→ **Your goal**
Copy out the whole listing exactly as given. Skip the pictures.

→ **Source records**
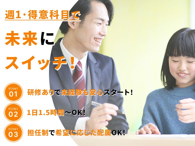 仕事内容 \実務未経験OK!教育体制充実で安心/ ✅週1日・1日1.5時間〜自由に働ける ✅保護者対応なし!授業に専念できる ✅持ち帰り仕事&授業前の事前準備なし ✅デビュー後も質問しやすいフォロー体制 ✅固定制で自分の得意分野を活かせる ー 【仕事内容】 個別専門塾にて授業をお任せします。 講師1人に対して、 生徒1~2人を担当していきます。 〇具体的には… 指導対象は小学生~高校生まで幅広く、 科目や学年はご希望を考慮します! 少人数制の授業のため、 生徒一人ひとりと向き合って じっくりと指導することができますよ。 *小学生2割、中学生5割、高校生3割です! 〇「得意」を活かせる! 得意な英語だけ…というのもOK! まずはできることから始めましょう!
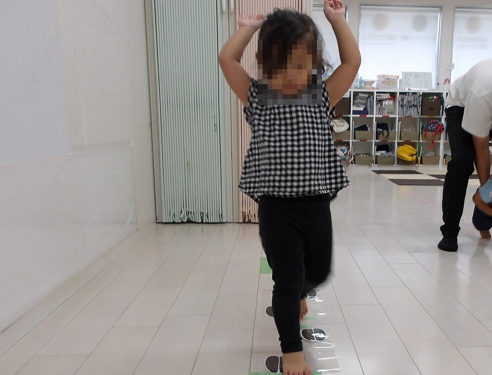 いろんな動物に変身して歩いてみました(^-^)。キリンは両手をまっすぐ頭上に上げつま先歩き、クマは床に膝をつけずに四つん這い歩き、ペンギンはかかとで歩き等をしました。 いろんな動物に変身して歩くことは体幹を強くし、各部位の筋力を向上させ、体全体を器用に、そして繊細に、自分の意図した通りに動かせるようになるんですよ。
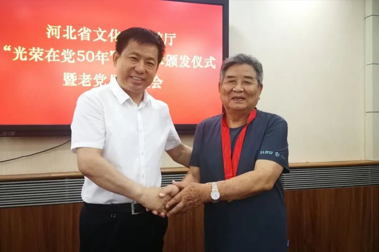 最后,赵学锋代表厅党组对获得“光荣在党50年”纪念章的全体老党员致以崇高的敬意。他指出,一是希望各位老党员继续关心支持我省文化和旅游业发展,为我省文化和旅游“十四五”开好局、起好步献计献策,为实现我省文化和旅游高质量发展继续发挥余热、贡献力量。二是进一步深化党史学习教育。广大离退休老干部是党的宣传文化工作的重要组成部分,担负着“举旗帜、聚民心、育新人、兴文化、展形象”的重大历史使命,老同志们要充分发挥自身的政治优势、思想优势和经验优势,继续讲好河北故事、讲好中国故事、讲好中国共产党故事、讲好新时代中国特色社会主义故事。三是要保持身心健康,家庭和睦幸福。希望老同志们积极传播中华民族传统美德,传递和践行尊老爱幼、男女平等、夫妻和睦、勤俭持家、邻里团结的观念,在为家庭谋幸福、为他人送温暖、为社会作贡献的过程中提高精神境界、培育文明风尚。
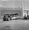 Folksamhusets gårdspark. Närmast en belysningsanordning formgiven av Arne Jones, längre bort skulpturen "Treklang" av samma konstnär.
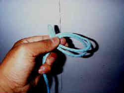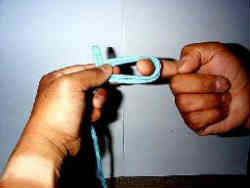 8の字結び4: 人差し指を左に回しながら、ワッカにした二重の先端を人差し指でつかもうとしている状態。 | ![]() |
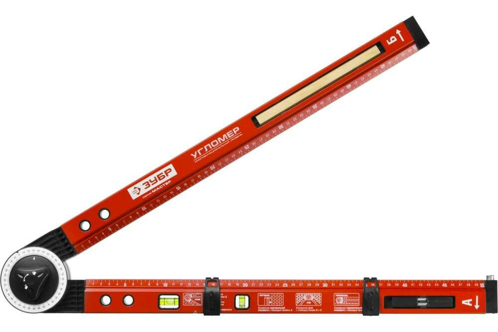 ЗУБР Уровень-угломер ЗУБР "мастер" складной, 2 ампулы (1 поворотная), точность 1мм/м, 500мм
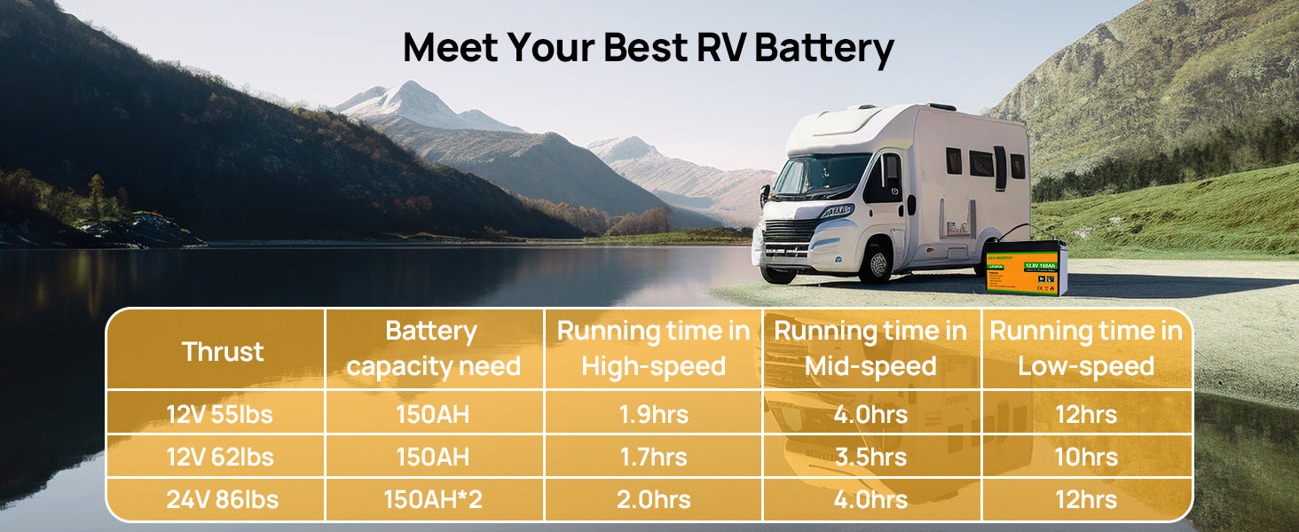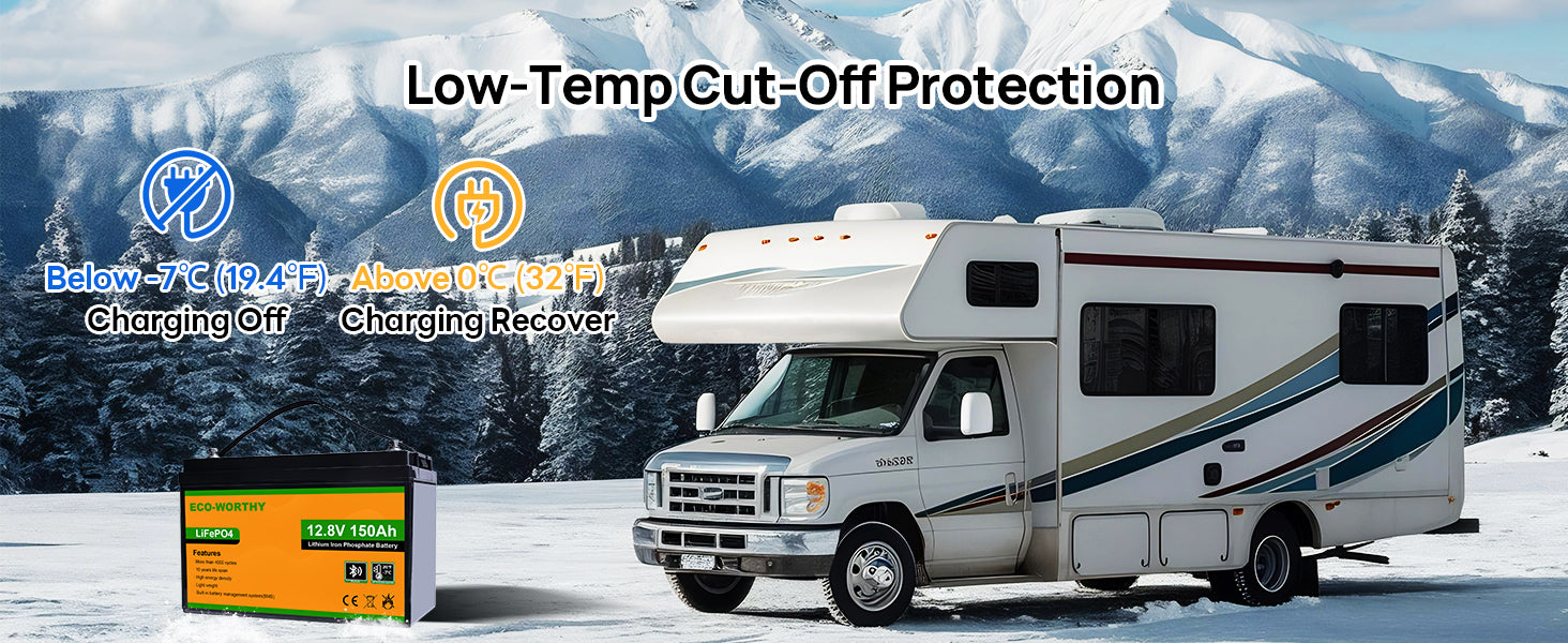 [Low-Temp Protection] This 12V 150Ah lithium trolling motor battery is equipped with low-temperature cut-off protection which automatically cuts off the battery from charging when the cell temperature is below -7℃(19.4℉) to prevent the battery cells from being damaged. Especially designed to ensure safe use for the low temperature charging environment in winter. Widely used for RV, cabin, off-grid or marine in cold winter.
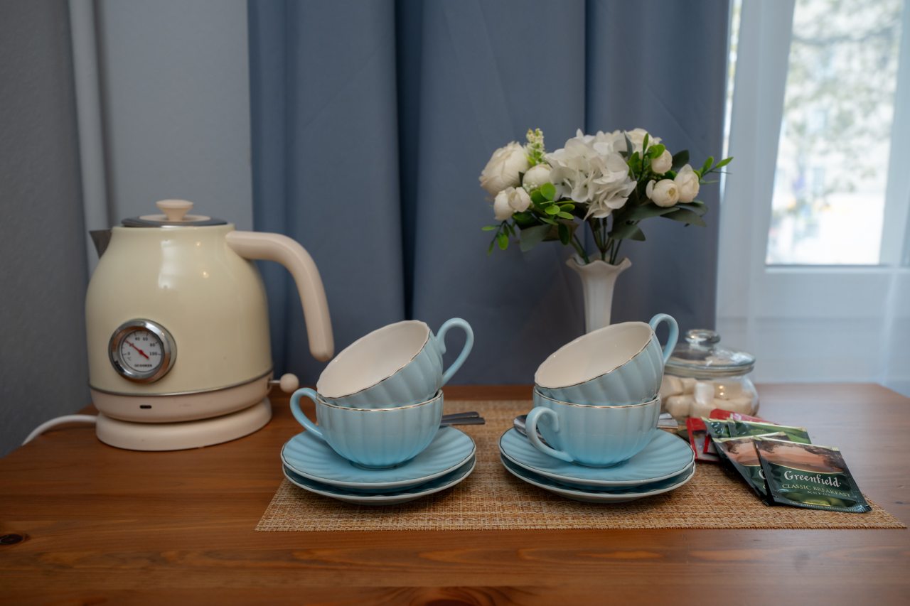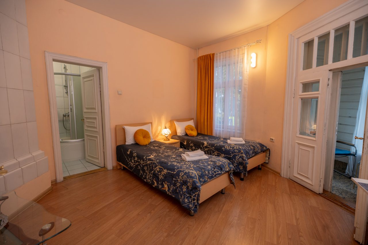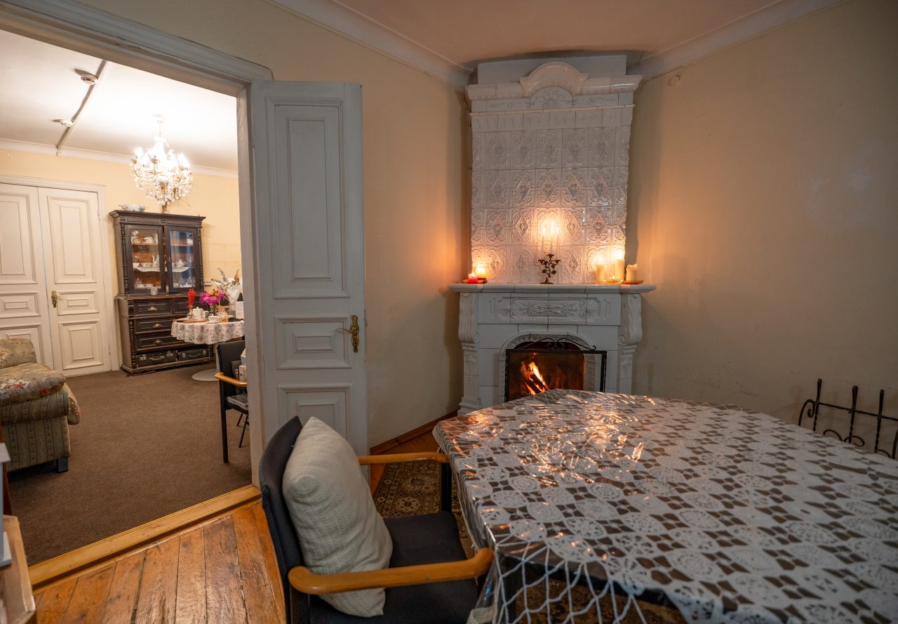 Есть парковка для путешествующих на автомобиле. У нас удобства были вне комнаты, но это неудобство не замечаешь. Очередей никаких не было. Предоставляют гель для душа и шампунь. В номере есть чайник, чай, сахар и печенье. По возможности можно попросить тарелки и приборы для перекуса. Завтрак проходил в гостиной на первом этаже рядом с камином и самоварами, за столом и стульями конца 19 века. На выбор предлагали блинчики с яйцом или яблоками на выбор и сырники. Мы выбрали блинчики с яблоками, было по домашнему вкусно.
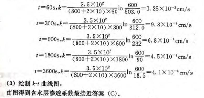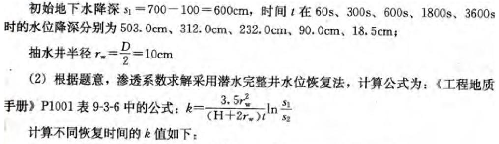 问题 某工程进行现场水文地质实验,已知潜水含水层底板埋深为9.0m,设置潜水完整井,井径D=200mm,实测地下水位埋深1.0,抽水至水位埋深7. 0m后让水位自由恢复,不同恢复时间实测得到的地下水位如下:则估算的地层渗透系数最接近以下哪个数值? (A) 1. 3×10﹣3 cm/s (B)1.8 ×10﹣4 cm/s (C)4.0× 10﹣4 cm/s (D) 5.2×10﹣4 cm/s
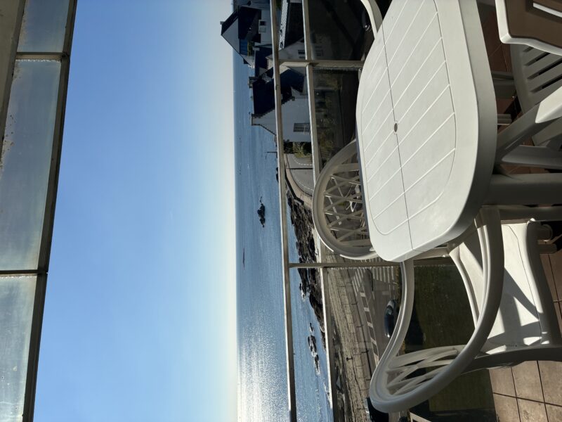 Terrasse und Gartenmöbel. Genießen Sie die herrliche Aussicht und den freien Blick auf das Kommen und Gehen der Fischer- und Sportboote.
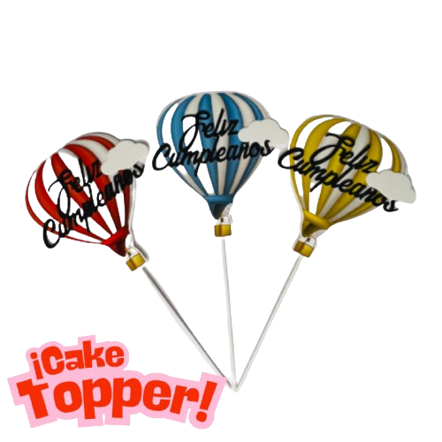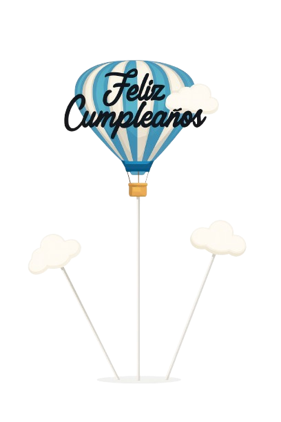 Cake Topper de Feliz Cumpleaños Globo Aerostático con Nubes

→ **Solved exercise**
 仕事内容 \実務未経験OK!教育体制充実で安心/ ✅週1日・1日1.5時間〜自由に働ける ✅保護者対応なし!授業に専念できる ✅持ち帰り仕事&授業前の事前準備なし ✅デビュー後も質問しやすいフォロー体制 ✅固定制で自分の得意分野を活かせる ー 【仕事内容】 個別専門塾にて授業をお任せします。 講師1人に対して、 生徒1~2人を担当していきます。 〇具体的には… 指導対象は小学生~高校生まで幅広く、 科目や学年はご希望を考慮します! 少人数制の授業のため、 生徒一人ひとりと向き合って じっくりと指導することができますよ。 *小学生2割、中学生5割、高校生3割です! 〇「得意」を活かせる! 得意な英語だけ…というのもOK! まずはできることから始めましょう!
 いろんな動物に変身して歩いてみました(^-^)。キリンは両手をまっすぐ頭上に上げつま先歩き、クマは床に膝をつけずに四つん這い歩き、ペンギンはかかとで歩き等をしました。 いろんな動物に変身して歩くことは体幹を強くし、各部位の筋力を向上させ、体全体を器用に、そして繊細に、自分の意図した通りに動かせるようになるんですよ。
 最后,赵学锋代表厅党组对获得“光荣在党50年”纪念章的全体老党员致以崇高的敬意。他指出,一是希望各位老党员继续关心支持我省文化和旅游业发展,为我省文化和旅游“十四五”开好局、起好步献计献策,为实现我省文化和旅游高质量发展继续发挥余热、贡献力量。二是进一步深化党史学习教育。广大离退休老干部是党的宣传文化工作的重要组成部分,担负着“举旗帜、聚民心、育新人、兴文化、展形象”的重大历史使命,老同志们要充分发挥自身的政治优势、思想优势和经验优势,继续讲好河北故事、讲好中国故事、讲好中国共产党故事、讲好新时代中国特色社会主义故事。三是要保持身心健康,家庭和睦幸福。希望老同志们积极传播中华民族传统美德,传递和践行尊老爱幼、男女平等、夫妻和睦、勤俭持家、邻里团结的观念,在为家庭谋幸福、为他人送温暖、为社会作贡献的过程中提高精神境界、培育文明风尚。
 Folksamhusets gårdspark. Närmast en belysningsanordning formgiven av Arne Jones, längre bort skulpturen "Treklang" av samma konstnär.
 8の字結び4: 人差し指を左に回しながら、ワッカにした二重の先端を人差し指でつかもうとしている状態。 | ![]() |
 ЗУБР Уровень-угломер ЗУБР "мастер" складной, 2 ампулы (1 поворотная), точность 1мм/м, 500мм
 [Low-Temp Protection] This 12V 150Ah lithium trolling motor battery is equipped with low-temperature cut-off protection which automatically cuts off the battery from charging when the cell temperature is below -7℃(19.4℉) to prevent the battery cells from being damaged. Especially designed to ensure safe use for the low temperature charging environment in winter. Widely used for RV, cabin, off-grid or marine in cold winter.
 Есть парковка для путешествующих на автомобиле. У нас удобства были вне комнаты, но это неудобство не замечаешь. Очередей никаких не было. Предоставляют гель для душа и шампунь. В номере есть чайник, чай, сахар и печенье. По возможности можно попросить тарелки и приборы для перекуса. Завтрак проходил в гостиной на первом этаже рядом с камином и самоварами, за столом и стульями конца 19 века. На выбор предлагали блинчики с яйцом или яблоками на выбор и сырники. Мы выбрали блинчики с яблоками, было по домашнему вкусно.
 问题 某工程进行现场水文地质实验,已知潜水含水层底板埋深为9.0m,设置潜水完整井,井径D=200mm,实测地下水位埋深1.0,抽水至水位埋深7. 0m后让水位自由恢复,不同恢复时间实测得到的地下水位如下:则估算的地层渗透系数最接近以下哪个数值? (A) 1. 3×10﹣3 cm/s (B)1.8 ×10﹣4 cm/s (C)4.0× 10﹣4 cm/s (D) 5.2×10﹣4 cm/s
 Terrasse und Gartenmöbel. Genießen Sie die herrliche Aussicht und den freien Blick auf das Kommen und Gehen der Fischer- und Sportboote.
 Cake Topper de Feliz Cumpleaños Globo Aerostático con Nubes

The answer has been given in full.